Software is user action
There are two places to get stuck in software development.
The first is building something in your head. Beginners often get stuck here. You dream up a perfect theoretical system, but it's too big to squeeze through the toothpaste tube of your actual abilities.
The second is building something complete. Experienced programmers often get stuck here. You build a system, but your vision for it never quite matches the elegance of what you imagined. You're always just one big feature or one big refactor away from perfection. Your project grows in its ambitions, day by day, until you're crushed under its weight.
The secret is to realize that the unit of work in software development is not specs, designs, or plans of any kind. It's working software.
Just as a painting is composed of paint, software is composed of motion.
In software development, the paint is your users' brushstrokes
A user moves a card, presses a button, turns a dial, and something happens on the screen. That "something happens" is the atom. You cannot see it clearly before you build it, and you cannot build it correctly before someone uses it.
There's a temptation, especially in the age of AI, to believe a complete system is possible without using and refining each part before you build on top of it. AI can generate UI, endpoints, and modules quickly. It can make a system look complete before it has earned any right to exist.
But a document-editing app is not "a WYSIWYG editor plus an API endpoint." It's everything in between.
- Is the text Markdown or rich text?
- Is the focus of the UI information density or readable typography?
- Do you allow every type of document or are you focused on one use case?
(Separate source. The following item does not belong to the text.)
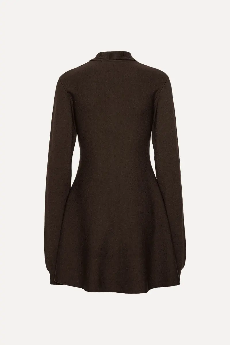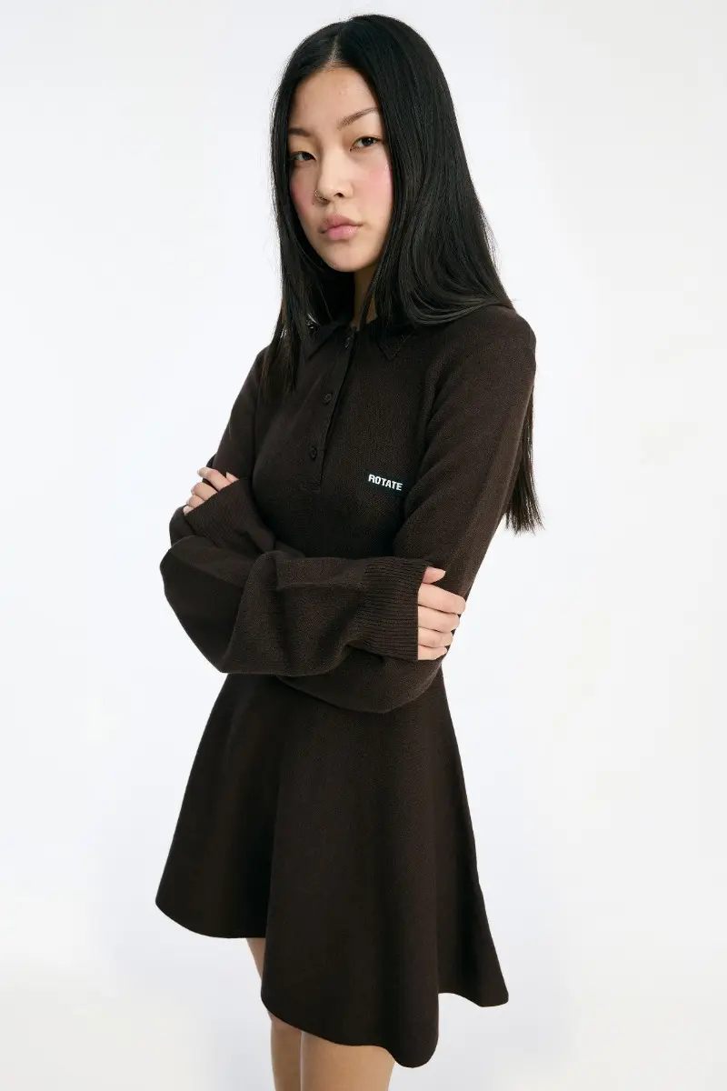 Slinky Knit Polo Dress Dark Brown is designed with a classic polo collar, long sleeves, and a flared silhouette. The front features a button placket with three buttons and a small ROTATE logo patch placed at the chest.

Those decisions matter at every level of the user experience. They are not garnish. They determine whether each feature is discoverable, understandable, and trustworthy. And the best way to make sure they are is to grow a system organically, piece by piece, watching how they're used.
The brushstroke is the flow of using the feature. You can't see the brushstroke before someone uses it.
Here's the point where I'm getting stuck right now: AI helps you build instead of over-planning. That's real. But on the flip side, it can push you into the false trap of thinking your project's complete too early. You end up with a feature-packed, self-consistent, operational system that no one uses.
People don't understand how to use it, so features remain undiscovered. Or features are discovered and they break in weird ways as soon as they touch real workflows.
But the above is solvable with feedback. The worst part about working alongside AI is that once your users report an issue, it's much harder to adapt and change direction. There's so much of the system that AI has built that you don't understand. You can't modify it confidently, so it can't adapt. And software is meant to move, grow, and adapt.
I don't think the solution is "don't use AI." It's "use AI for one feature at a time, and have someone use it before you build on top of it."
Here's how I do it in practice:
- Pick a small part of a project I can share
- Set a timer (60–120 minutes) and finish with something that runs
- Make "shareable" part of the definition of done (a URL, a file, a demo video)
- Show one person and see how they experience it
A few rules I keep coming back to:
- You can't build products in the dark. You need to use it and ideally get someone else to use it.
- You can't build for everyone and every use case.
- A feature-packed system doesn't matter on its own. It needs to grow with the market, grow with its users, and adapt to the ecosystem it's in.
- The paint is usable prototypes, not API endpoints or designs.
When software is allowed to grow this way, it becomes real. It earns its completeness by moving and adapting the way people expect it to move and adapt to them. That's what "complete" should mean. Let users do one thing at a time, and do it well. Each brushstroke should flow naturally from the one that came before it.